Цесаревич находился в расположении Георгиевской дивизии уже второй месяц. Императрица при поддержке Распутина убедила Николая спрятать сына среди тех, в чьей верности он может не сомневаться. И вот мальчик отправился в дивизию, где попал в руки Львова. Жуткого вида генерал и раньше нравился пареньку, но тут цесаревич был попросту очарован своим наставником. Глеб имел богатый опыт в воспитании детей: как-никак, а у Маркина имелись трое сыновей и дочь, которых он вырастил вполне приличными людьми. Так что с цесаревичем он общался спокойно, как со взрослым, занимался военно-прикладными видами спорта, учил стрелять, заставлял качать мышцы, тянуть связки, да и вообще – делал все, что только может понравиться двенадцатилетнему подростку. Разумеется, он учитывал болезнь мальчика, но Распутин, несколько раз приезжавший в дивизию, проводил с цесаревичем какие-то, как он выражался, «сиянсы», после которых болезнь заметно отступала. И мальчик просто влюбился в эту простую военную жизнь. Вместе с солдатами он по утрам бежал на зарядку, управлялся с ППШ, стрелял в мишени, учился обращаться с минами и подрывными зарядами и, замирая от сладкого ужаса, пыхал на полигоне из огнемета.

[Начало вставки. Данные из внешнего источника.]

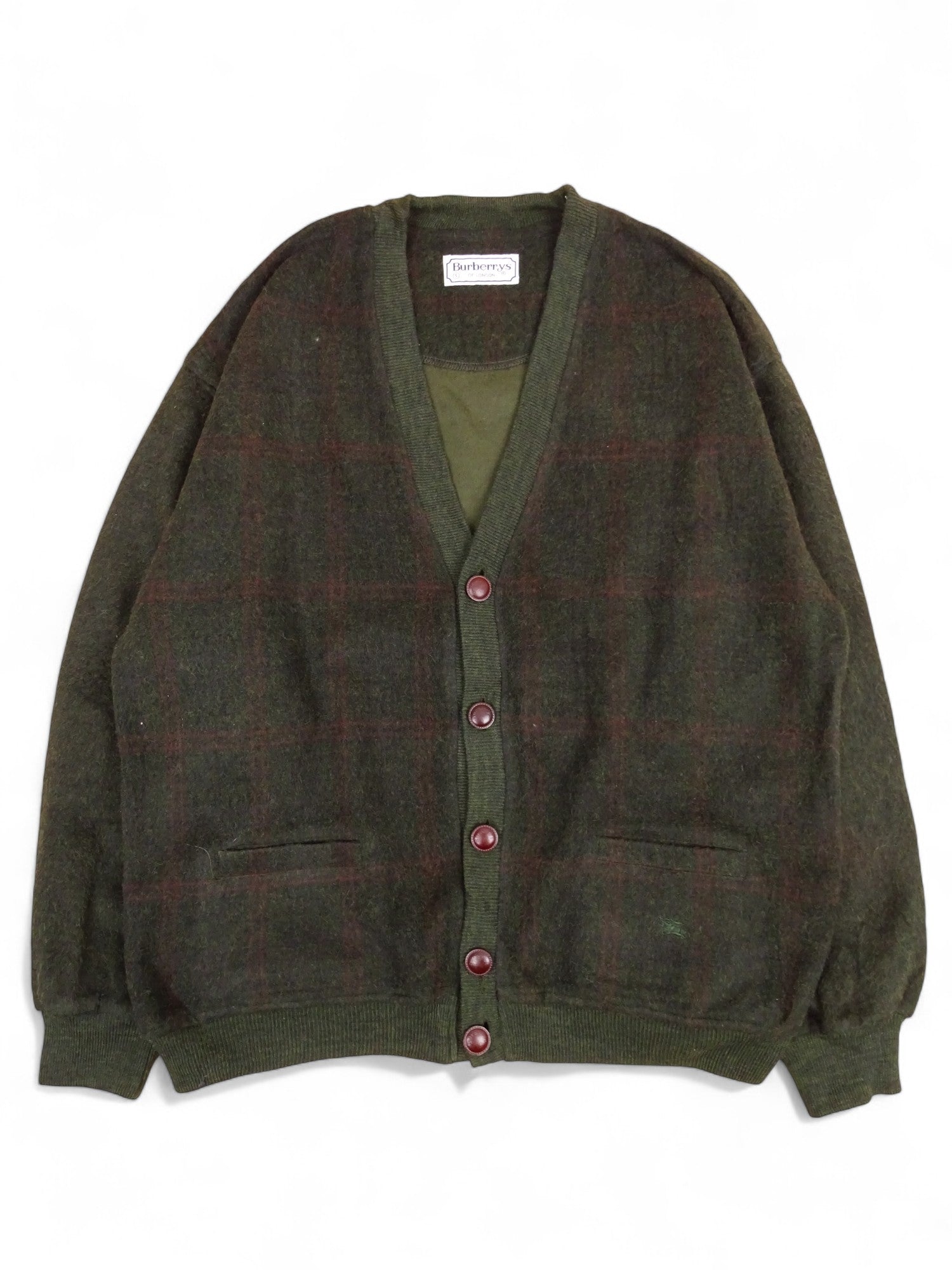 Burberry Cardigan Kaki Vert Écossais Laine XL Homme

Отъезд Глеба в Красноярск Алексей воспринял как личную трагедию и считал дни до возвращения «дяди Глеба». Попутно он закатил старшей сестре здоровенный скандал за то, что та предпочла Анненкова Львову, а потом долго и настойчиво уговаривал «гувернантку» Татьяну бросить своего «сахаринового Маламку» и обратить внимание на настоящего мужчину[47]. И ведь уговорил, вырвав у сердобольной сестрицы клятвенное обещание обязательно сойтись со Львовым поближе, чуть только генерал вернется из своей служебной поездки в Сибирь.

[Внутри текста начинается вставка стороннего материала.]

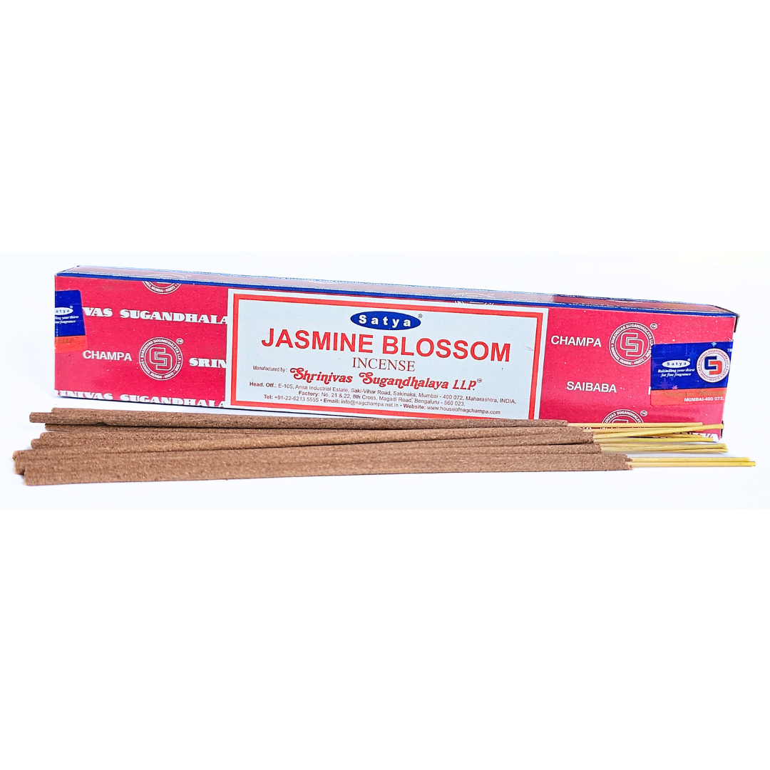 Let the air bloom with the rich, intoxicating fragrance of Satya Jasmine Blossom Incense Sticks—a timeless floral scent that enchants the senses and uplifts the spirit. Hand-rolled in India using traditional masala methods, this luxurious blend captures the essence of fresh jasmine flowers in full bloom, offering a deeply sensual and spiritually elevating experience.

Надо ли говорить, что мальчик просто не смог усидеть на месте в дивизии, когда узнал, что «дядя Глеб» прибывает в Петроград. Отец научил его управлять автомобилем еще два года тому назад, ну а усесться за руль – совсем не сложно, особенно если все казаки и солдаты просто не чают души в маленьком воспитаннике своего командира…
Львов занимался делами дивизии, которых за время его отсутствия накопилось преизрядно, одновременно поясняя Алексею тонкости обращения с бризантными веществами, когда в его кабинет вихрем влетела Сашенька. Привычно чмокнула в бледную щечку цесаревича, а потом, не церемонясь, взобралась на колени к Глебу.
– Ну, и где они?
– Кто? – спросил Львов, ошарашенный подобным напором. За время поездки он успел несколько отвыкнуть от непосредственности своей современницы.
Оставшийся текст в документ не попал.